One of the things we loved the most about the training we attended was the panel towards the end where we were introduced to adopted parents, adoptees and birthmothers who had placed their children for adoption. We really enjoyed hearing all of the stories and experiences, but what we got the most out of was the stories we heard from the birth mothers and their experience.

Before going to this training, one of the things that we had conversations about was the subject of open vs closed adoptions. We had talked with our friends that have adopted, and got a wide variety of feedback about their personal experiences. At first, the term “open adoption” seemed a bit daunting, and it was hard for us to visualize what that would look like. Based on our research, personal experience, and the guidance from others, we felt that a semi open adoption was something that we were interested in. Throughout the weekend, we felt our hearts be moved so deeply for the birthmoms that we met. We felt a confirmation in our hearts that having the option to contact the birth mom, and keep her or her family updated on the life of our child, is not only something that we are open to, but something that we are excited for. It is easy to get caught up in differences and worries. It is easy to worry about the things that make an open adoption sound scary. We have learned that although we may be very different in many ways, there is one thing that is the same. We both love this child. We both will make life changing sacrifices for this child. We both will see The Lord in new and amazing ways through the gift of adoption. We both are different pieces of the puzzle of who our child is, and we would not be complete without each other.
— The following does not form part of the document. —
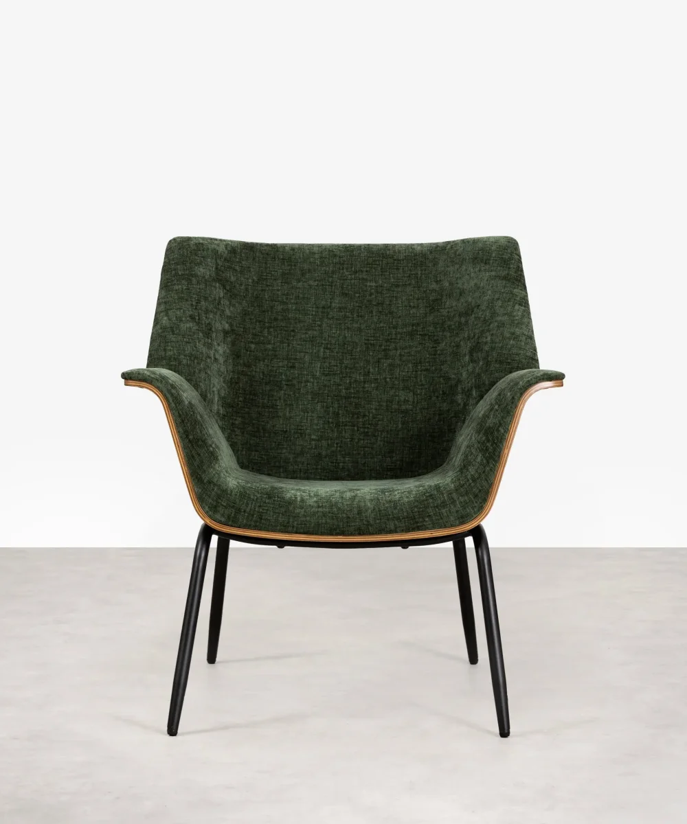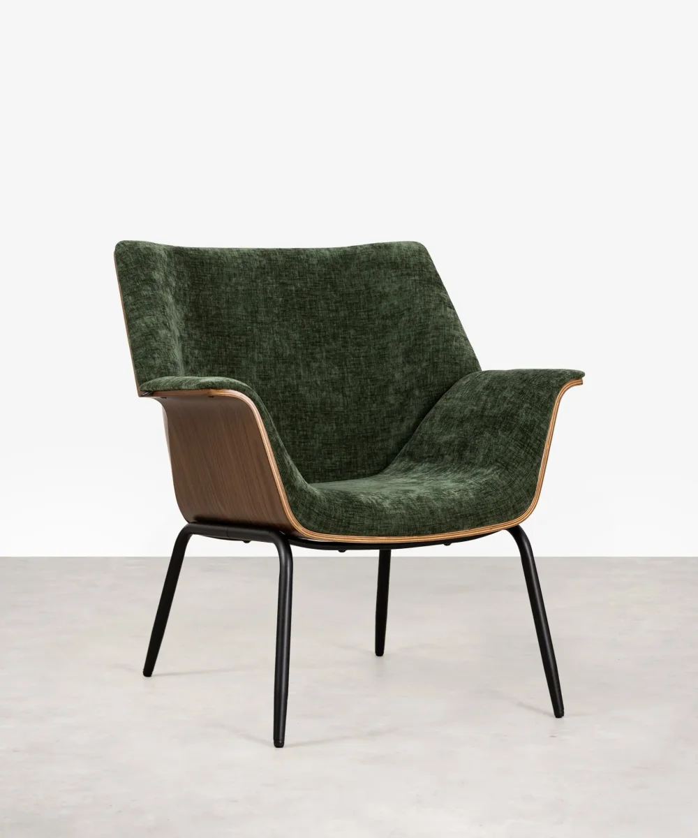 El sillón Romi tiene un diseño retro que destaca por sus líneas limpias y una estructura robusta en madera de nogal y acero negro. El respaldo y los apoyabrazos están suavemente curvados, brindando una experiencia de confort excepcional.
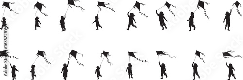 Silhouette of children flying kites vector illustration design for print and web usage art graphic

Birth mothers make a huge sacrifice when they decide to place their child for adoption, sometimes they decide on their own, sometimes the birth father or their parents are involved in their decision. Regardless of what moved them to make that decision, there is still grief, there is a loss and there is the need for healing. One of the things we loved the most about our agency is the fact that they continue to offer support and counseling to the birth families as well, as some agencies kind of just match and then it is the end of the story. They are often forgotten or just seen as a means to an end to a family who is adopting and then they are just left to deal with it on their own. We talked at length with the case worker during our consultation about the process of healing and what that looks like for them, which is why they encourage that even if a closed adoption is what the birth mom wants to still write letter and maybe send pictures to the agency as they have seen before that in some cases they will come or contact them just wanting to know how the child is doing and this also helps them heal and be reassured that they made the right choice.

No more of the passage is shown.